Like the historic Deller Sukkah, the Toronto backyard replica was transported by ship, panels numbered for easy assembly. The unauthorized copy, though, was also a sequel to another, less typical sukkah: one they fashioned 10 years earlier in collaboration with an imperilled Bedouin community in the West Bank. The sukkah in their yard didn’t look like that reconstructed Bedouin shelter. But together the two sukkah projects sit at the intersection of history and art, communal gesture and protest, Jewish as well as Arab and Palestinian suffering.
Rotman and Mauas are Jews from Argentina; they met in Israel, where each had moved for school. Rotman is a member of the theatre faculty at the Hebrew University of Jerusalem, and Mauas is a director of Mamuta Art and Research Centre, which they co-founded.
In 2014, the couple, who operate as Sala-manca Artists Group, were invited by Jerusalem’s Hansen House to build a public sukkah. Sukkot marks the Exodus by evoking the desert huts where the Jews dwelt; through those open roofs they looked up at the stars. Struck by the act of erecting temporary dwellings as ritual amidst a sea of makeshift homes in which millions of Palestinian and other refugees live, Sala-manca explored the sukkah as a metaphor for exile and displacement.
They focused on the Jahalin, a nomadic Bedouin tribe from southern Israel exiled in the West Bank since 1951. Working with the Israeli non-profit Bimkom and artists Yeshaiahu Rabinowitz and Itamar Mendes Flohr, the couple travelled to a Jahalin village in the Khan al-Ahmar area, between Jerusalem and Jericho.

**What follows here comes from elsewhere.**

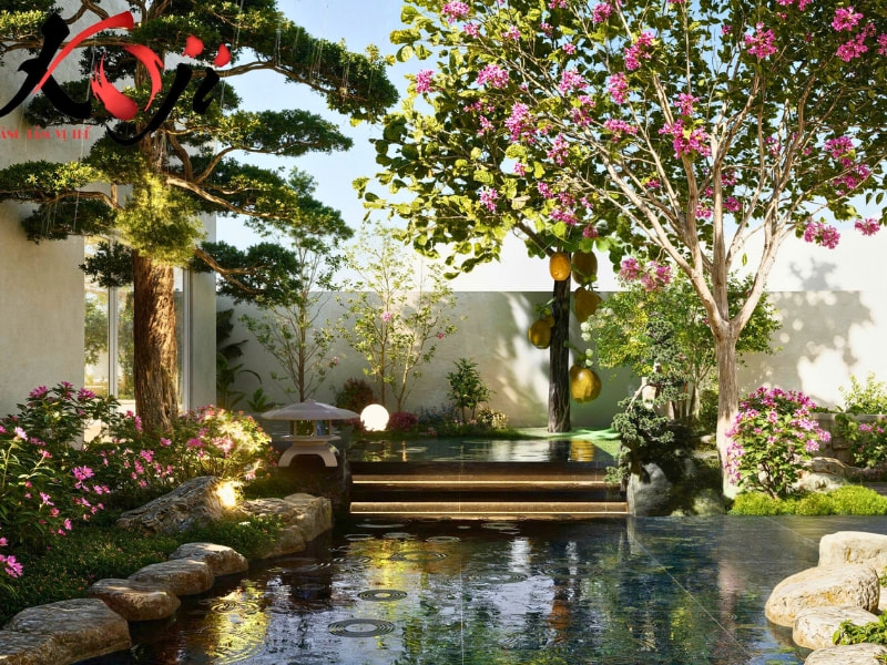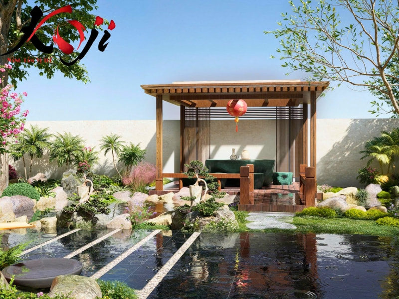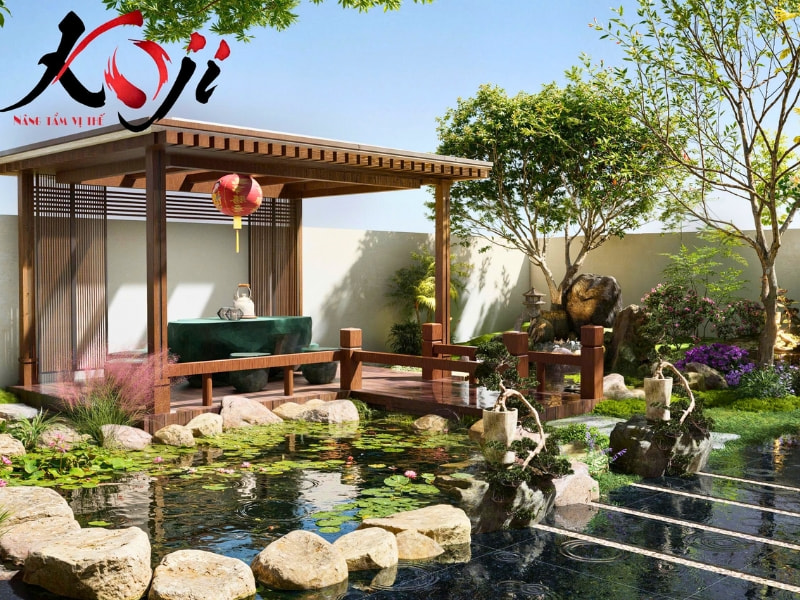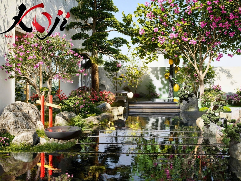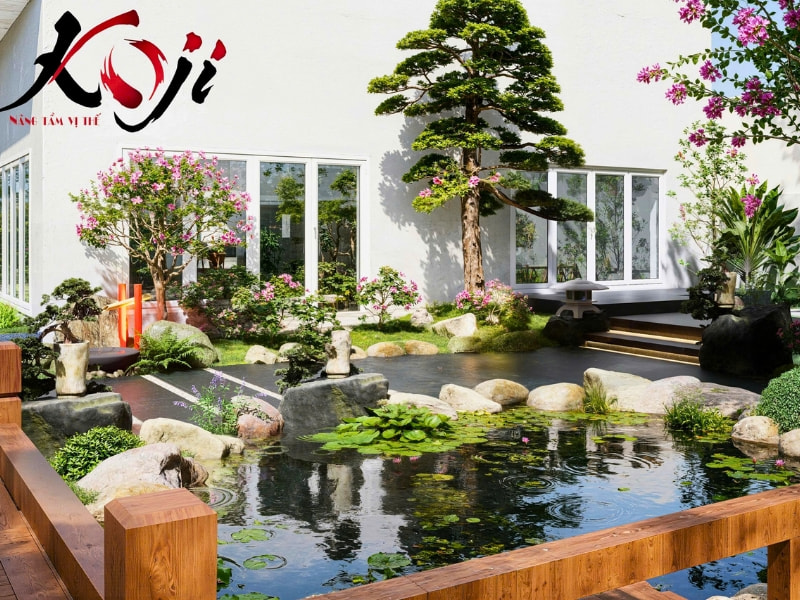 Lấy cảm hứng từ phong cách Zen Nhật, toàn bộ khu vườn được bố trí theo hướng tối giản nhưng tinh tế, tập trung vào sự cân bằng giữa nước, đá, cây, ánh sáng nhằm tạo nên một không gian thư giãn chuẩn nghỉ dưỡng. Điểm nhấn đầu tiên và ấn tượng nhất của dự án chính là hồ cá Koi rộng lớn nằm ở trung tâm khu vườn.

They met members of the al-Korshan clan, who like other Jahalin live largely outside civic infrastructure, without running water or electricity, surrounded by expanding Israeli settlements and facing threats of evacuation.
With the blessing of a mukhtar, a local religious leader, Sala-manca bought a vacant winter shelter in the village. They paid $2,200, most of their artist’s fee from Hansen House. They dismantled the shanty together after dark, so the family could replace it undetected. (New buildings are not permitted and the authorities are watchful.)
Rebuilt outside Hansen House with the same repurposed tin, wood and plastic sheeting, but with an open roof, The Eternal Sukkah became simultaneously a kosher Jewish symbol signalling Bedouin displacement and a Bedouin refugee tent that told a story of Jewish displacement. Text accompanying the work explained the Jahalin’s situation to visitors.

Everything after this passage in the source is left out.